> _Exercise details_: Pictures are not part of the answer. Return the lines from the one containing "Uma viagem pelo" through the end of the data, both included, exactly as they appear.

*** Exercise materials ***

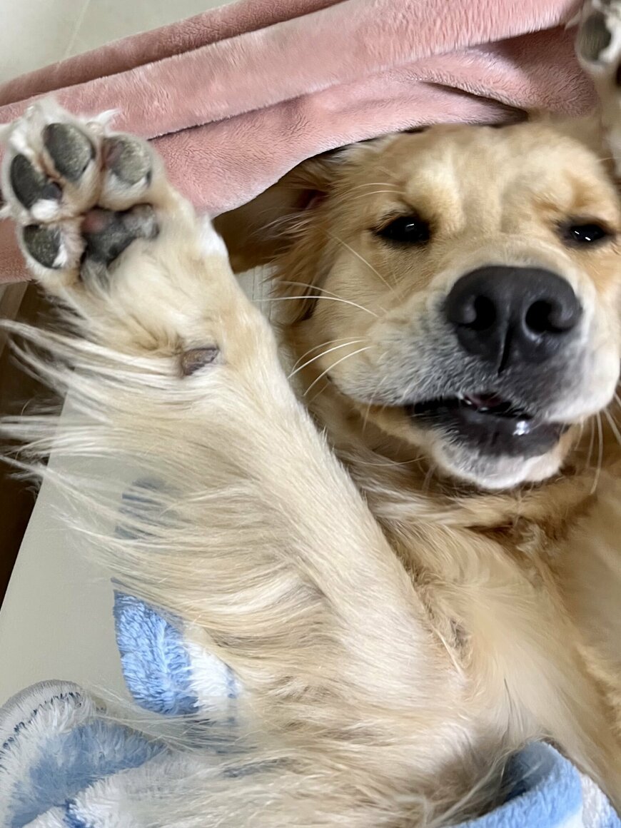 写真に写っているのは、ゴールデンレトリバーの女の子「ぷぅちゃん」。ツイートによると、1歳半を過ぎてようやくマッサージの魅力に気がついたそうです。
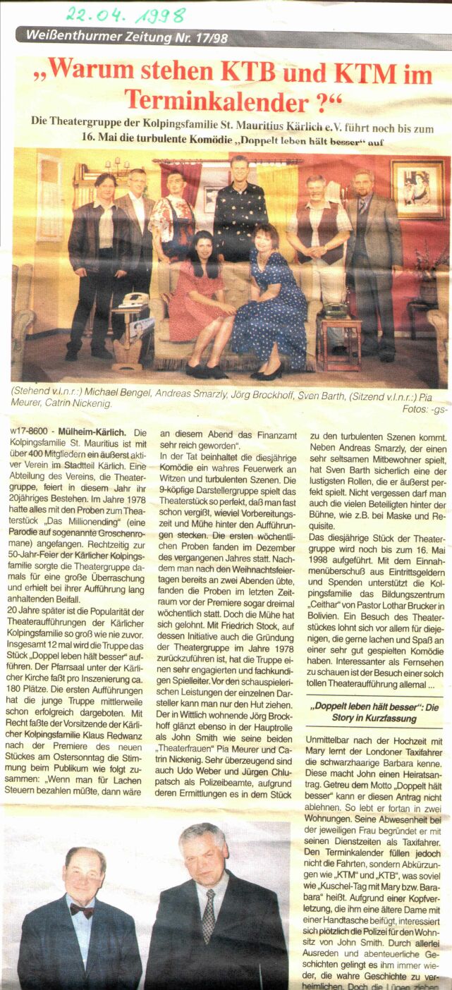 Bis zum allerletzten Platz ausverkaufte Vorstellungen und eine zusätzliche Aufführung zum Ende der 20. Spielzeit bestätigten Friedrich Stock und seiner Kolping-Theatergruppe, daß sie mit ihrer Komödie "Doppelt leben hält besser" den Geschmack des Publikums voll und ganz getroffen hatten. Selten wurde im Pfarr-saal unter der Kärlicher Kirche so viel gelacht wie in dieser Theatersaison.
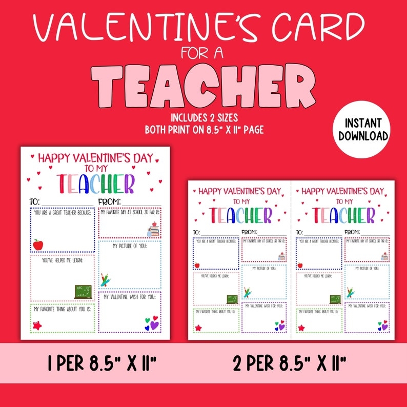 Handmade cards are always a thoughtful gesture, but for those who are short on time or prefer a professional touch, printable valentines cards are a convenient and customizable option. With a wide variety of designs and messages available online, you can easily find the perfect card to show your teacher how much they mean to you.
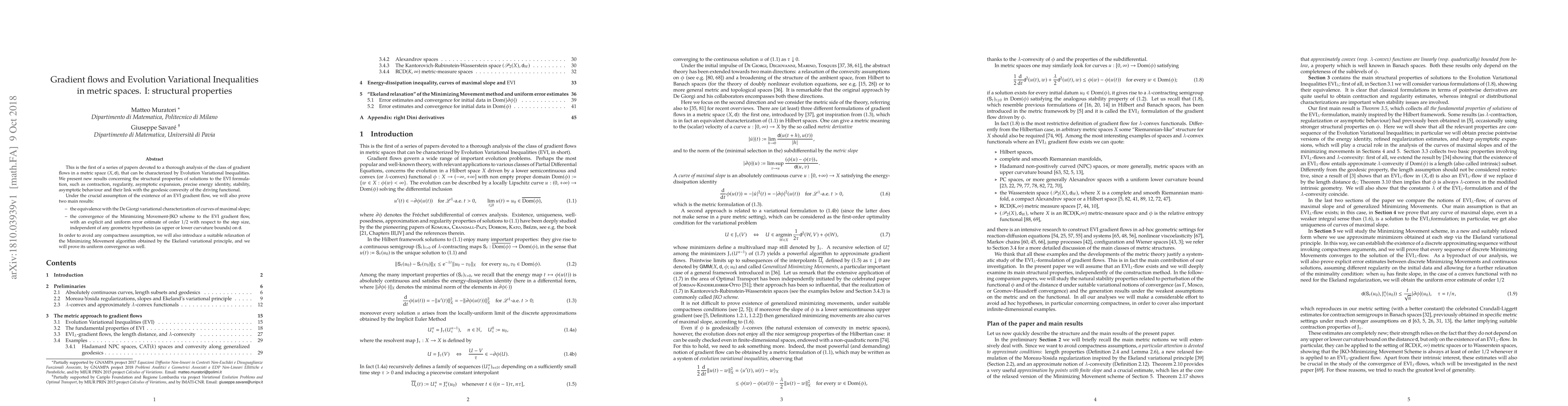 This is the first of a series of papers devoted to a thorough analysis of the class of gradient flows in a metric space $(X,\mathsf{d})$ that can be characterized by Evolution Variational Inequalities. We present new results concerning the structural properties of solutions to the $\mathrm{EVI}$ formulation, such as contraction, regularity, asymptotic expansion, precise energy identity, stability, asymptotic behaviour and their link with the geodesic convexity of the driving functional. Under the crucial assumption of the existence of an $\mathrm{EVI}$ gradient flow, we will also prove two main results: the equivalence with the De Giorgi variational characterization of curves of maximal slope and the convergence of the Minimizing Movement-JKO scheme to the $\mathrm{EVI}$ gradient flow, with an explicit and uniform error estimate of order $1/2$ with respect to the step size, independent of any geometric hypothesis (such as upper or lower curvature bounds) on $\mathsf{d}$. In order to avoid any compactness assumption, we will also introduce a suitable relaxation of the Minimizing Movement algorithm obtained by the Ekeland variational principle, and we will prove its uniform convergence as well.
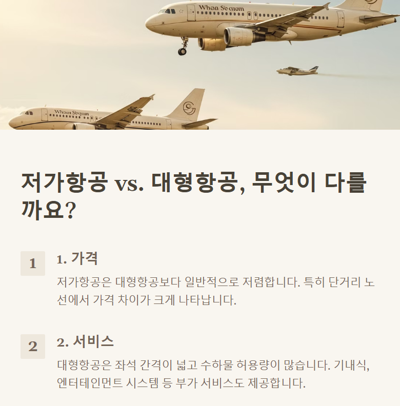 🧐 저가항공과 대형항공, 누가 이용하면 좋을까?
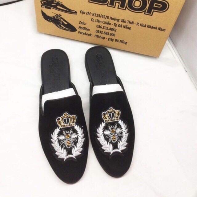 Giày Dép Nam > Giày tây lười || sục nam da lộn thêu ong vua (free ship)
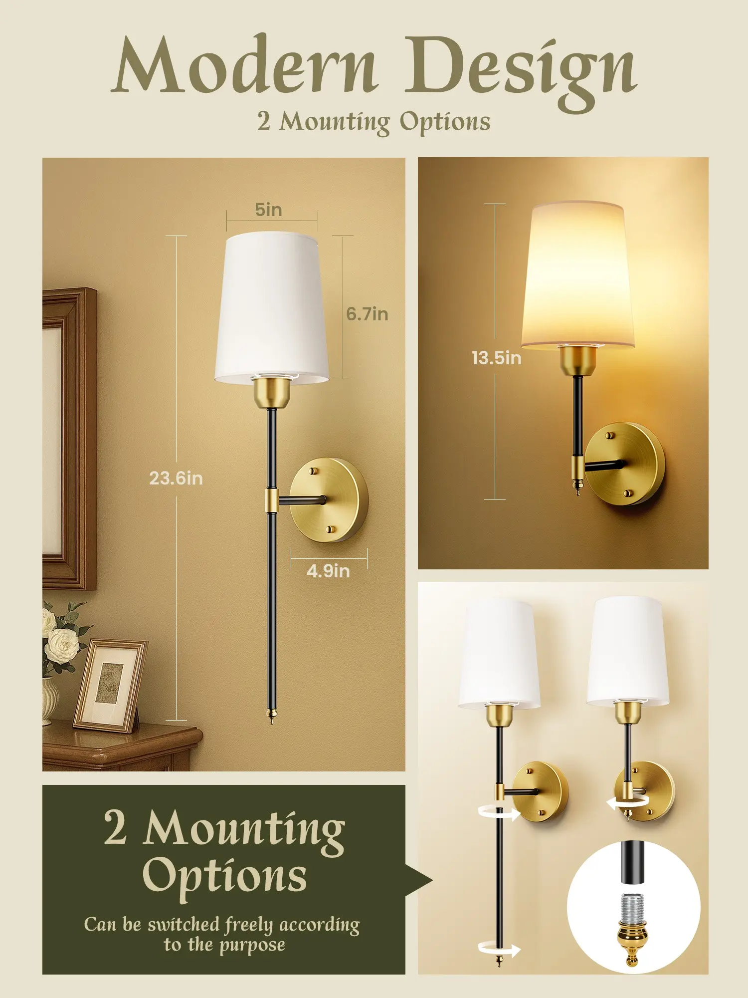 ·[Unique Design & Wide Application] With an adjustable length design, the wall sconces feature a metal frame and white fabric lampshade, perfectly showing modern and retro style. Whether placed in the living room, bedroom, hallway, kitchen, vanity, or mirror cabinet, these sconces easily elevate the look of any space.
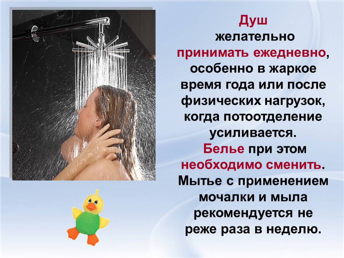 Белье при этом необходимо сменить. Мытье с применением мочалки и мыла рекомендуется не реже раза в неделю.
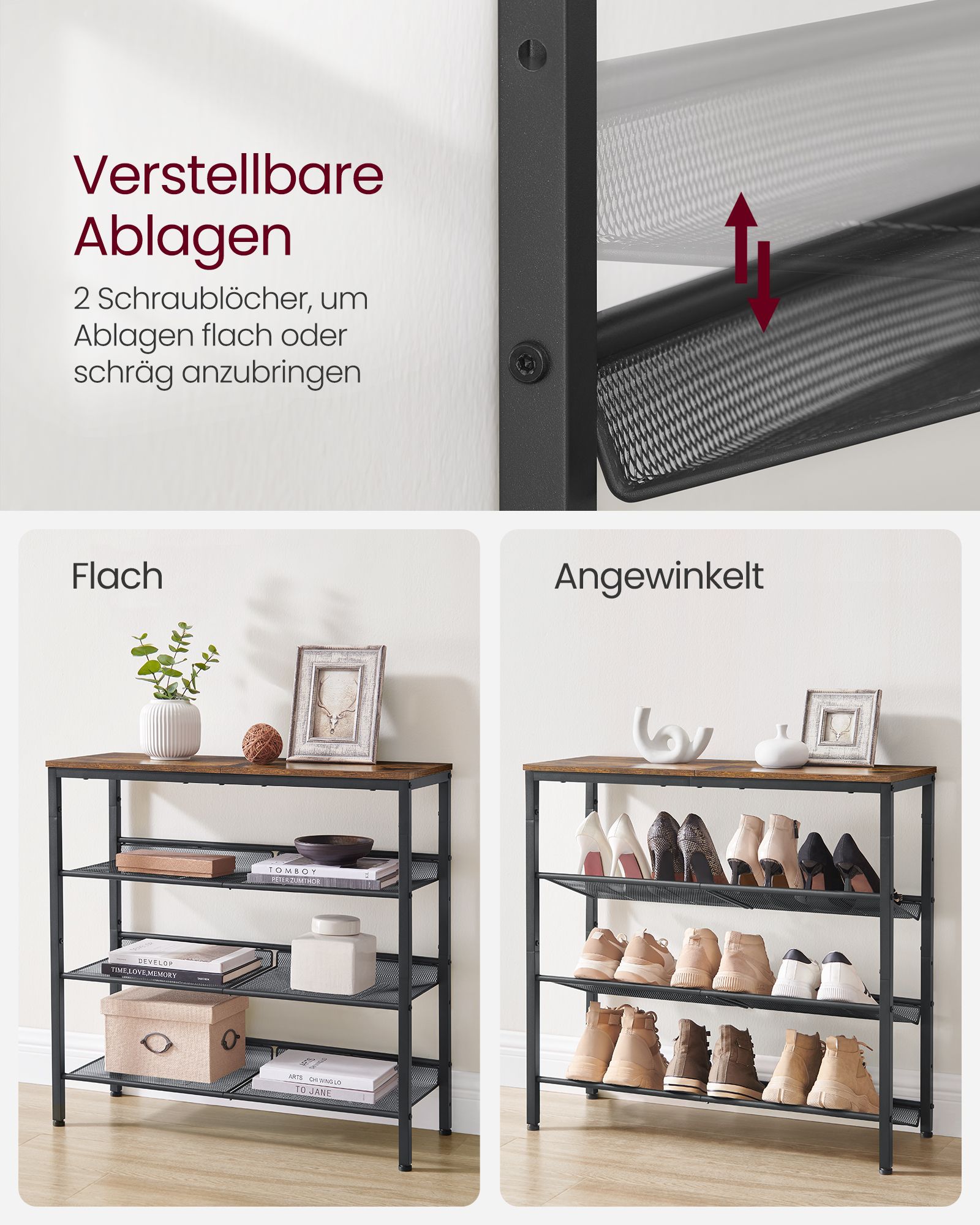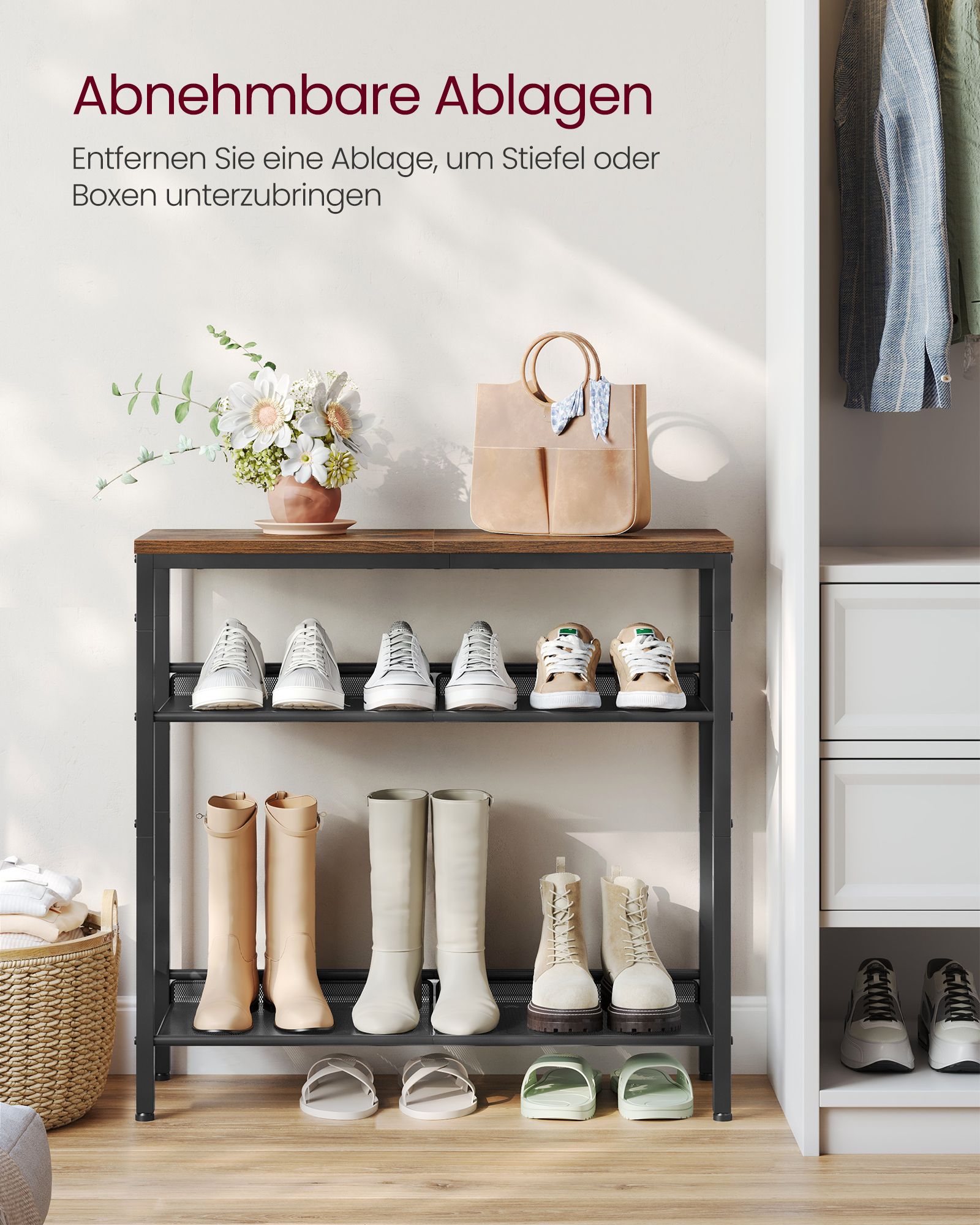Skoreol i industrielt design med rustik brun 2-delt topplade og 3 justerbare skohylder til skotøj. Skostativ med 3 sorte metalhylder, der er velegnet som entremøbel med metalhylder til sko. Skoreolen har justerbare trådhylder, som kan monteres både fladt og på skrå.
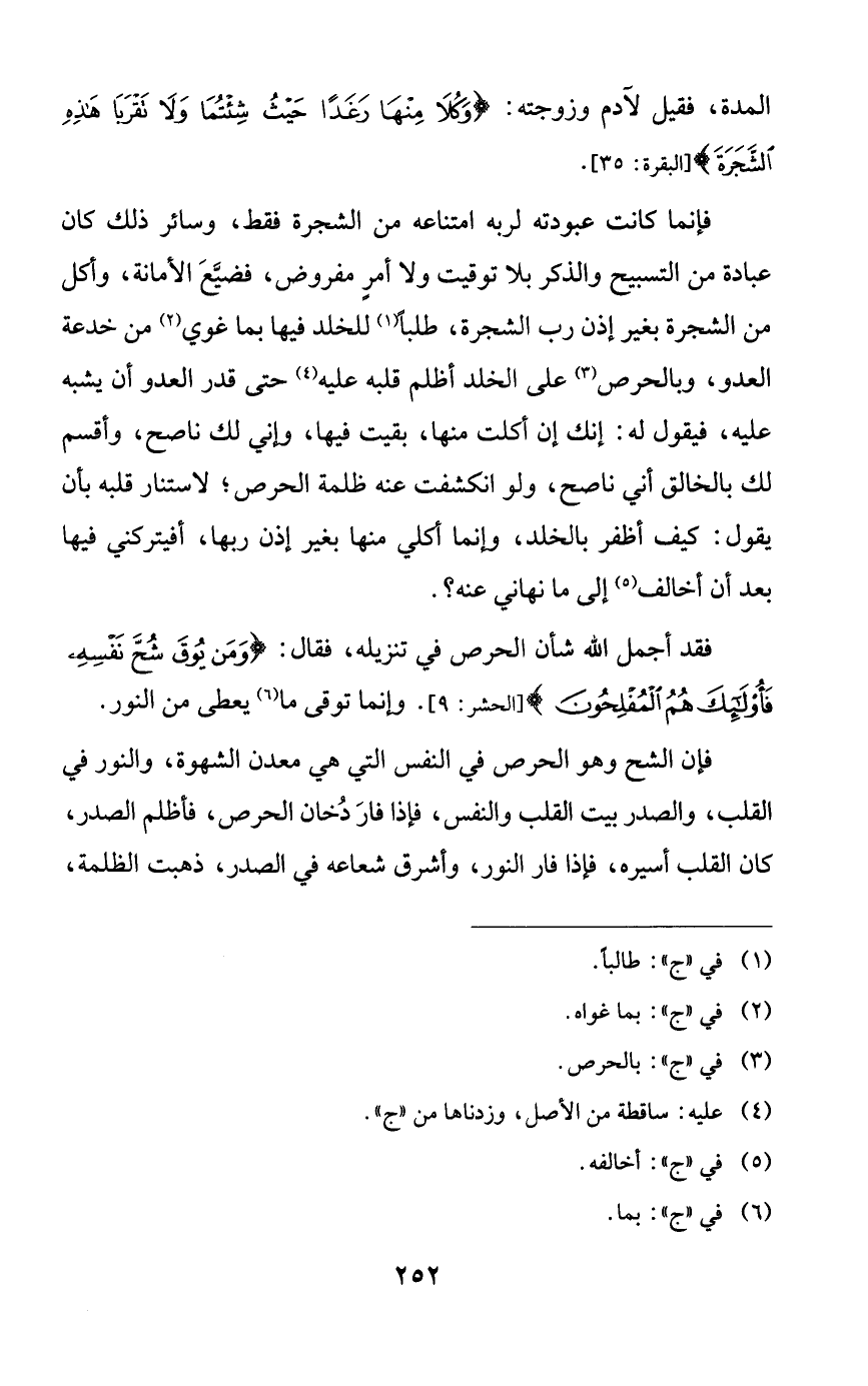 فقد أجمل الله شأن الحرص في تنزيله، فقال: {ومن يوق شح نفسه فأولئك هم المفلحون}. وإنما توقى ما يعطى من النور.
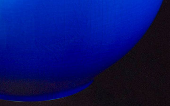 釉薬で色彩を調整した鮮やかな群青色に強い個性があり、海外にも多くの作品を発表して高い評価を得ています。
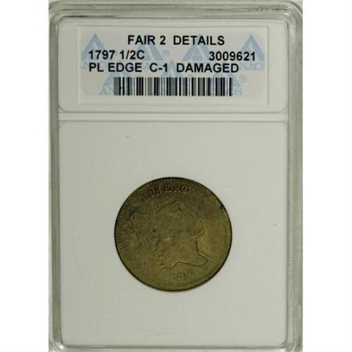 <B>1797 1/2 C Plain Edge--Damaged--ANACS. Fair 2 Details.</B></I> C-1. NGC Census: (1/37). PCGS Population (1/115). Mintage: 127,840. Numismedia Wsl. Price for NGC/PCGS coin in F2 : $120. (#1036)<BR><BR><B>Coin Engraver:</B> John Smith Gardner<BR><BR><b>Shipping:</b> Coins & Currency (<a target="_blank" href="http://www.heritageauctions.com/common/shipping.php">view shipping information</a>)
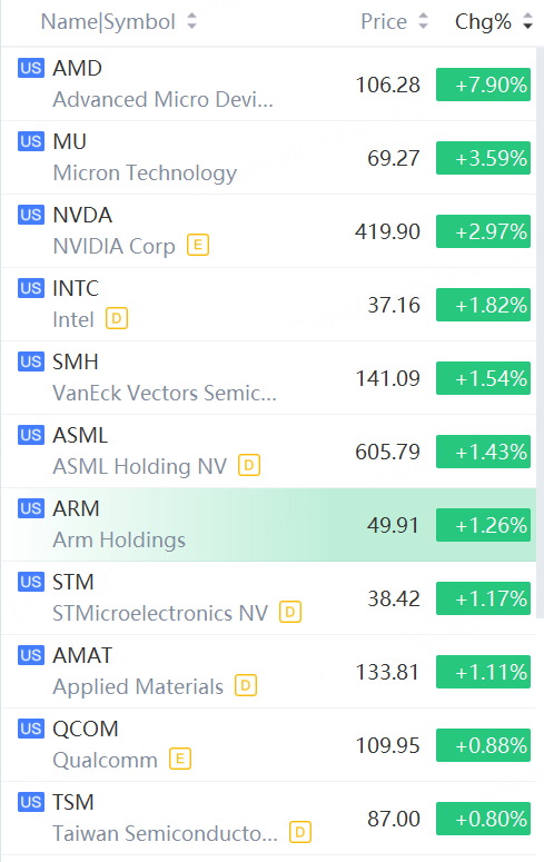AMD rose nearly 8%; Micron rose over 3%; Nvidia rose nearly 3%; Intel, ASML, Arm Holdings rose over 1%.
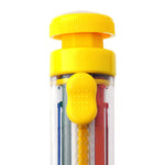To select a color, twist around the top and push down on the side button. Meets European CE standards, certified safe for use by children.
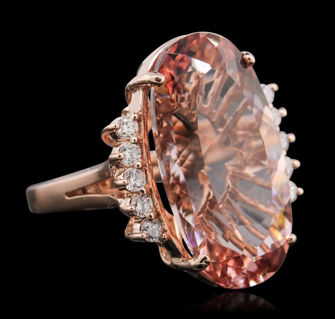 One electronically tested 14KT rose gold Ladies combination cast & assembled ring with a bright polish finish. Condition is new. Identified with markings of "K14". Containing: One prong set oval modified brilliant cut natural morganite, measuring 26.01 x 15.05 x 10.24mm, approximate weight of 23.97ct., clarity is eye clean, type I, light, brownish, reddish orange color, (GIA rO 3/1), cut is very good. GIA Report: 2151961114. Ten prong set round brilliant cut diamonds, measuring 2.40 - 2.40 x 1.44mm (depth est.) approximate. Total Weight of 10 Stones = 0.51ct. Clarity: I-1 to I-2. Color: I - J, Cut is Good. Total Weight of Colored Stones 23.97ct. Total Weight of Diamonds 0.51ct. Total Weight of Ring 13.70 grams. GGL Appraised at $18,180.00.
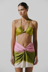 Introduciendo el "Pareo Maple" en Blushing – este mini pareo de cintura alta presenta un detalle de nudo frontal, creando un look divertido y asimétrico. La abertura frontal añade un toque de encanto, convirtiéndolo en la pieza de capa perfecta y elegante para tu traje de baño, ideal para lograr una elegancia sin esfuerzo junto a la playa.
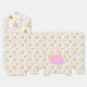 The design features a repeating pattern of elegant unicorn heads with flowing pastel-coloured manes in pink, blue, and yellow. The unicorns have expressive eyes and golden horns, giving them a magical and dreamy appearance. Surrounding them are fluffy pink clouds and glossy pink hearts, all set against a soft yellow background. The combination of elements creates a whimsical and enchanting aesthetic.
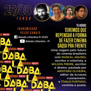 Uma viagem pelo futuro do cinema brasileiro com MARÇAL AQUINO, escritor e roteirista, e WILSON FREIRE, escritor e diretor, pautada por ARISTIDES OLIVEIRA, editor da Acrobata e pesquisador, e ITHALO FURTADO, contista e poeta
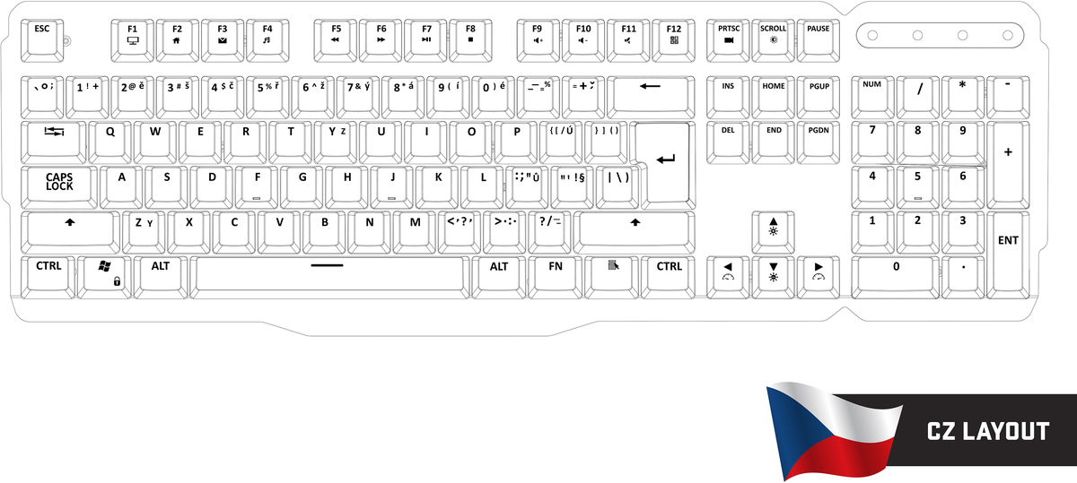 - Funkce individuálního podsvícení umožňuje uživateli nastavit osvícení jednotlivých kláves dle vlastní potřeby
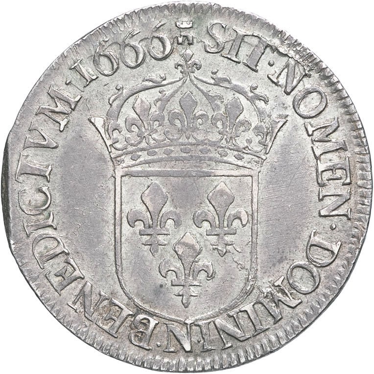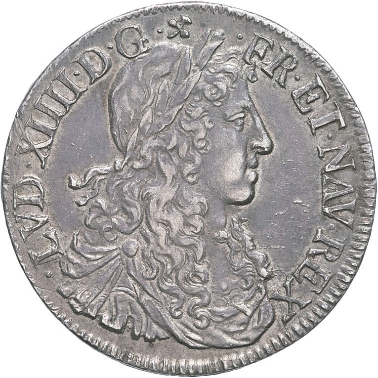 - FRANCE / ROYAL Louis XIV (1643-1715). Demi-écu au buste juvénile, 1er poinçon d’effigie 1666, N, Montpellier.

***

> _Written response_:
 Uma viagem pelo futuro do cinema brasileiro com MARÇAL AQUINO, escritor e roteirista, e WILSON FREIRE, escritor e diretor, pautada por ARISTIDES OLIVEIRA, editor da Acrobata e pesquisador, e ITHALO FURTADO, contista e poeta
 - Funkce individuálního podsvícení umožňuje uživateli nastavit osvícení jednotlivých kláves dle vlastní potřeby
 - FRANCE / ROYAL Louis XIV (1643-1715). Demi-écu au buste juvénile, 1er poinçon d’effigie 1666, N, Montpellier.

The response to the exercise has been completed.